According to Spotify, Apple’s DMA compliance should include these changes


As European Union officials work to implement the Digital Markets Act (DMA), which officially came into effect last fall, the European Commission today held a stakeholder workshop to seek views on the “app store provisions.” Spotify was one of the panelists and shared three changes it feels Apple is being forced to make in the EU.
In particular, Gene Burrus, Spotify’s director of global competition policy, spoke at the European Commission’s panel on “Giving app developers choice: how to enforce rules around in-app payment systems, governance and consumption-only apps?”
In light of these issues, Spotify’s Burrus highlighted two key changes he believes the DMA will need to force Apple to comply with:
- Enable an alternative option for in-app purchases on iOS
- It allows developers/companies to communicate directly with consumers

Spotify bases this statement’s conclusion on the DMA:
The gatekeeper may not require end users to use, offer, or cooperate with an identification service, web browser engine, or payment service, or technical services supporting the provision of payment services, such as payment systems for the respective gatekeeper’s in-app purchases within the framework of services provided by business users using the respective gatekeeper’s core platform services.

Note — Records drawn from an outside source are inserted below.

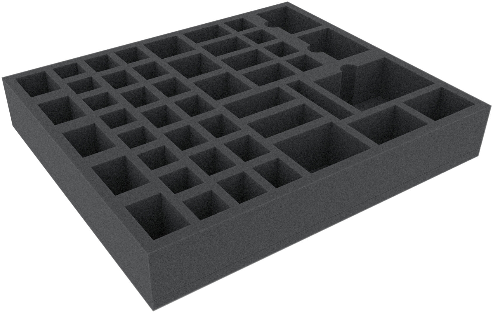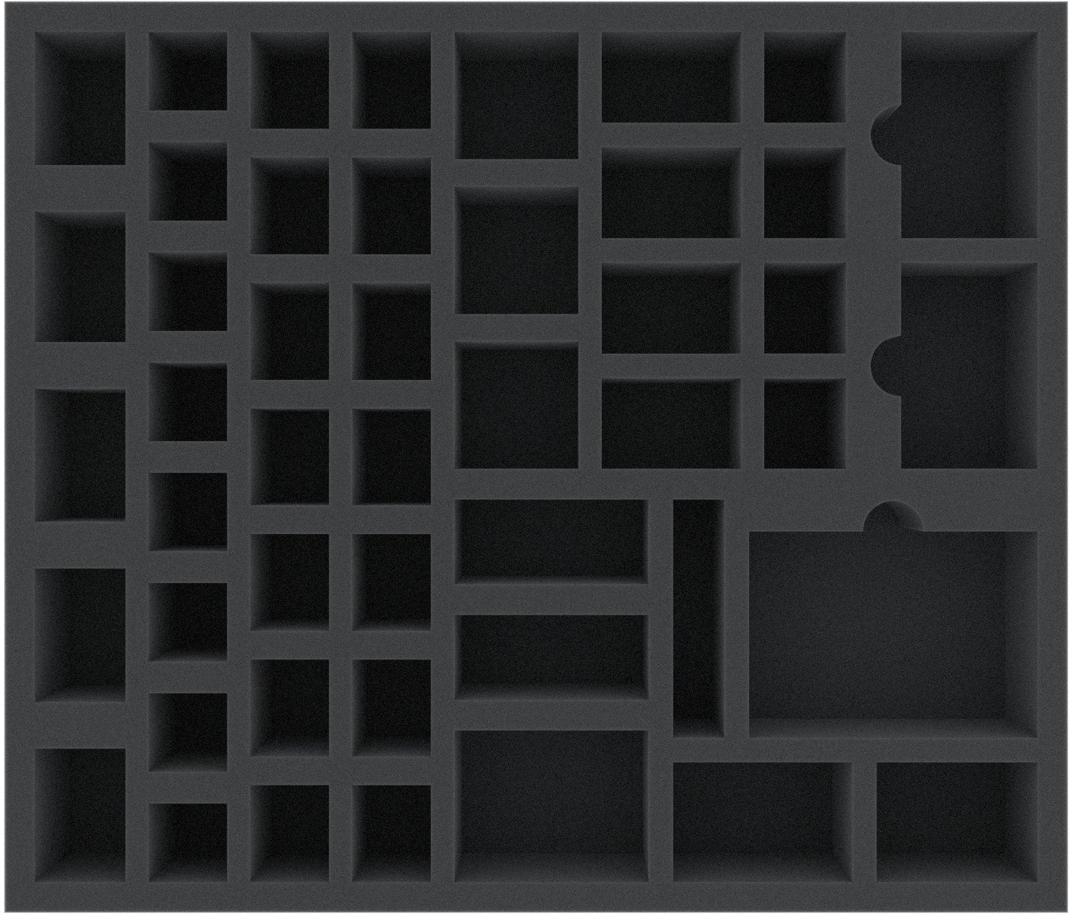 This foam tray has 47 compartments for the safe and orderly storage of tokens, markers, dice, cards, and/or miniatures. It fits many original game boxes.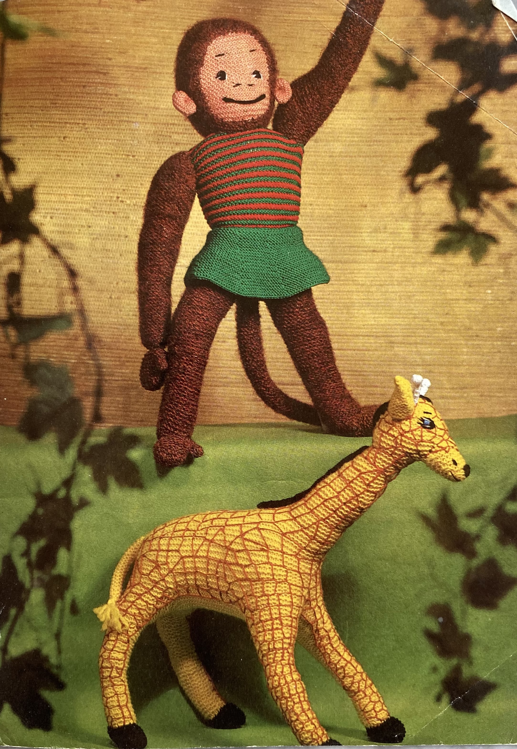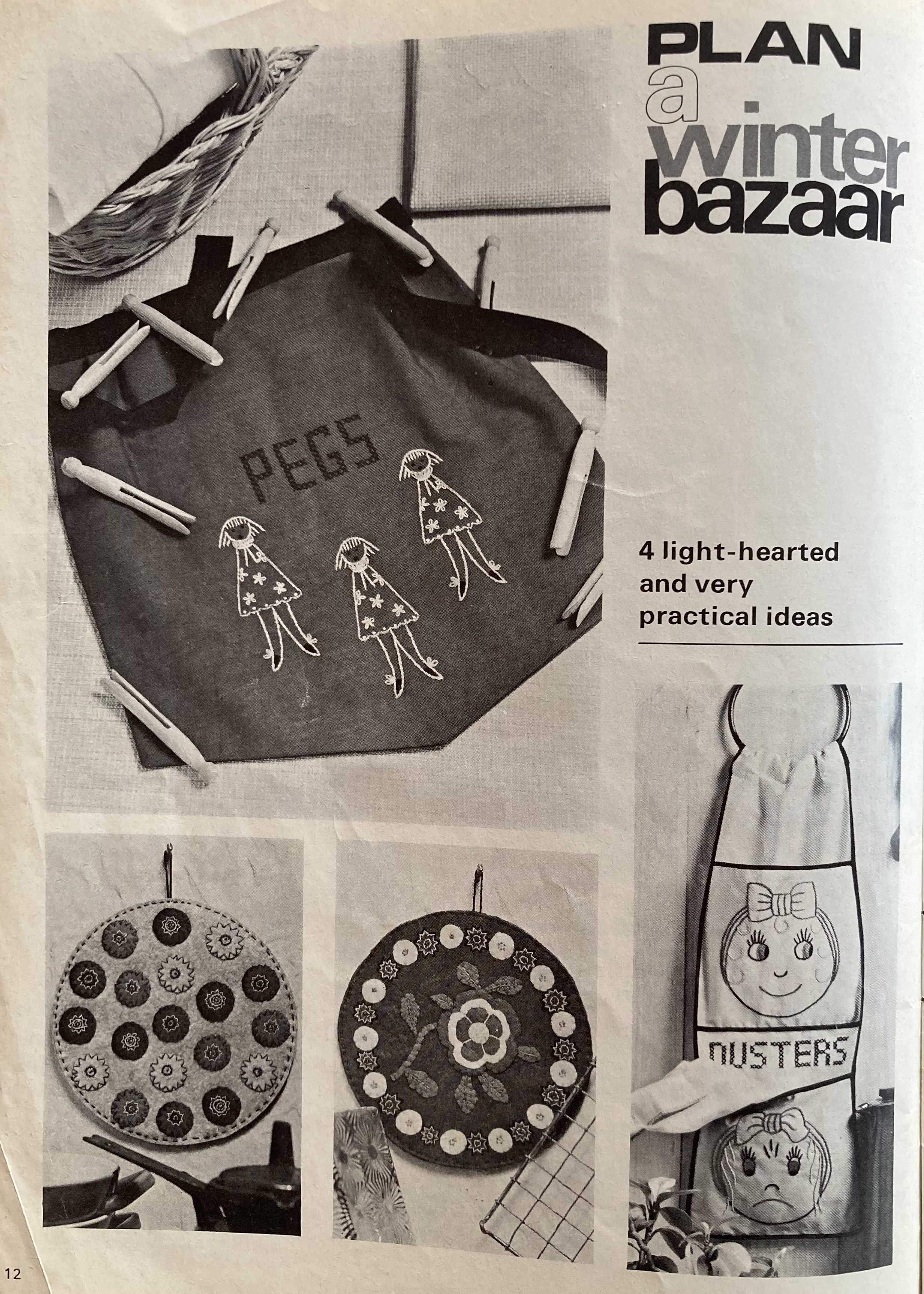 Other home and personal accessories fall under the categories of “Knitted Gifts” or the ever-present “Bazaar Items”, starting with a pretty bed-jacket worn by the Stitchcraft model who models all the bed-jackets. And if you look at any of her photos, you will know why! No other model perfects the come-hither look like she does. The resulting offspring will appreciate a cute stuffed monkey or giraffe toy. I like how the giraffe’s pattern is embroidered on, even if it doesn’t look quite accurate to a real giraffe. Finally, you can make a simple and cheerful sewn and embroidered laundry peg bag, dusting cloth bag with pockets for “clean” (happy!) and “dirty” (sad!) or a set of felt-appliqué pot holders.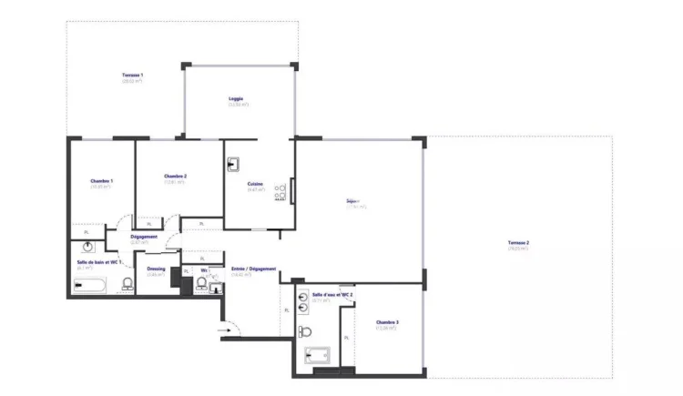 A 4-room apartment of approximately 125 m² (110.75 m² under the Carrez law) comprises a bright living room opening onto the exterior, a fully equipped separate kitchen extending into a veranda, and a sleeping area with three bedrooms, two of which are en suite with bathroom/shower, toilet, and dressing room.

These two changes would solve the problems that Spotify has with the so-called 30% “Apple tax” and “Apple suppression”.
And another step Spotify wants the European Commission to take on DMA is to “prevent Apple from favoring its own services.”
This would be more complicated than the former, as Spotify wants the DMA to regulate how Apple’s App Store works, such as changing the process of approving third-party app updates.
Apple’s opinion
Another part of the DMA could force Apple to open up iOS to third-party app stores.
He was an Apple representative at the Stakeholder Workshop, speaking on “Promoting Competitiveness: Web-Based Applications, Pageloading, and Alternative App Stores – Compliance Models.”
Not surprisingly, Apple’s position here has not changed. He believes that a closed App Store model is the best approach for security and privacy.
However, Apple admitted at the European Commission event that it will have a legal obligation to comply with the Digital Markets Act.
Meanwhile, Spotify and others have shared conflicting beliefs that Apple does not have the monopoly on offering security and privacy to its customers. And that it is better if everyone encourages more competition.